Terra Incognita: Hunted to the ends of the Earth

Bin Laden joins long list of people who outgrew their power, brought ruin on themselves and their people and were eventually brought down.

Osama bin Laden 311 (photo credit: REUTERS)
Osama bin Laden 311
(photo credit: REUTERS)
There has been some shock at the state in which Osama bin Laden was found. Despite the presence of a wife and at least eight children, his house’s interior looked like something out of a trailer park. Where was all the Bin Laden wealth? A CNN report noted “the candid recording of an aging bin Laden... portrays him as an ordinary man, not a terror mastermind.”
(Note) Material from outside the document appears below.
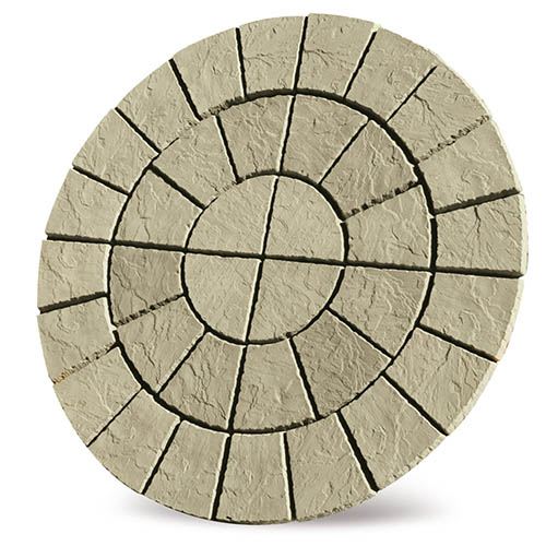 The weathered textures and tones of the Cathedral paving work beautifully with contemporary and traditional houses Approx Pack Size: 1800mm in Diameter or 2.54m2 (Squaring off kit not included in the pack) Pallet weight: 216kg Please note: This product will be supplied and delivered to you by one of our carefully selected third party retailers. Please see their delivery stipulations below. All criteria stated must be strictly met. Bowland Stone-Store2Door Home Delivery Checklist 1. Deliveries will arrive on a large vehicle with tail lift and manually operated pallet truck – ensure suitable access.2. Deliveries will be unloaded by tail lift from the road – ensure the road is flat and level.3. Deliveries will be moved onto the nearest hard standing by use of pallet truck – there must be a drop kerb and flat level surface.4. Deliveries are to mainland UK postcodes only. An additional delivery surcharge may apply to Scottish postcodes. Deliveries are made between 7.30am and 6.00pm Mon-Fri and a specific delivery time is unfortunately unable to be advised.Delivery will be to nearest hard standing by tail lift vehicle and manually operated pallet truck.We cannot guarantee that the delivery can be made onto a driveway. Deliveries can only be made to flat, level hard standing and are unable to be made onto roads that have an incline,are gravelled or grassed.The delivery area must be free from obstructions, eg overhanging trees or cables. If there is a height restriction this may prevent delivery.Delivery will normally take place within 7 working days and you will be contacted to arrange a convenient delivery date therefore please ensure you leave a day time telephone number when placing your order.All orders must be signed for and all items should be checked for any noticeable damages before signing. We must be notified within 24 hours of any breakages or defects otherwise we cannot guarantee free of charge replacements.Goods are supplied on non-returnable palletsIf an order is refused or cancelled by you once it has been despatched or is unable to be delivered due to delivery criteria not being met, a charge of £50 will be made to you for the return of the goods to the depot. Efflorescence, fading and differential weathering.Efflorescence is a reaction between carbon dioxide and the calcium hydroxide present in the concrete pores on the paving surface. Efflorescence itself can, over time convert to soluble saltsand will be washed away by rain. It is unpredictable but will generally disappear with the natural weathering process and time. These are natural phenomenon's that may occur through "weathering"and Bowland Stone cannot accept responsibility. This is an inherent characteristic of high quality wet cast stone products and can add to the overall patina of a landscape project.Differential weathering may occur as dark and light patches on the surface of the paving. Weathering and site conditions can cause these shade variations to appear across the surface of individual units.This does not affect the performance of the paving. Natural stone may show brown colouration as its iron content oxides. Prevention of water stainingPrior to laying, cover all paving and store in a vertical position.

But in trading his one-time power and menacing airs for a life in hiding, he joined a pantheon of other leaders, some vile, some less so, who have brought ruin to themselves and their people. In the classical period, several Athenian statesmen came to very un-statesmenlike ends. Themistocles, the “Glory of the Law,” was a populist who rose to prominence when Athens was becoming a great power. He fought in both wars against the Persian empire, and helped construct Athens’ walls and its great navy. But he earned the ire of his countrymen and was exiled, travelling from one lesser city-state to another until he found his way to Persia. Plutarch, the historian, bemoaned the fact that he “lived on for a long time without concern.”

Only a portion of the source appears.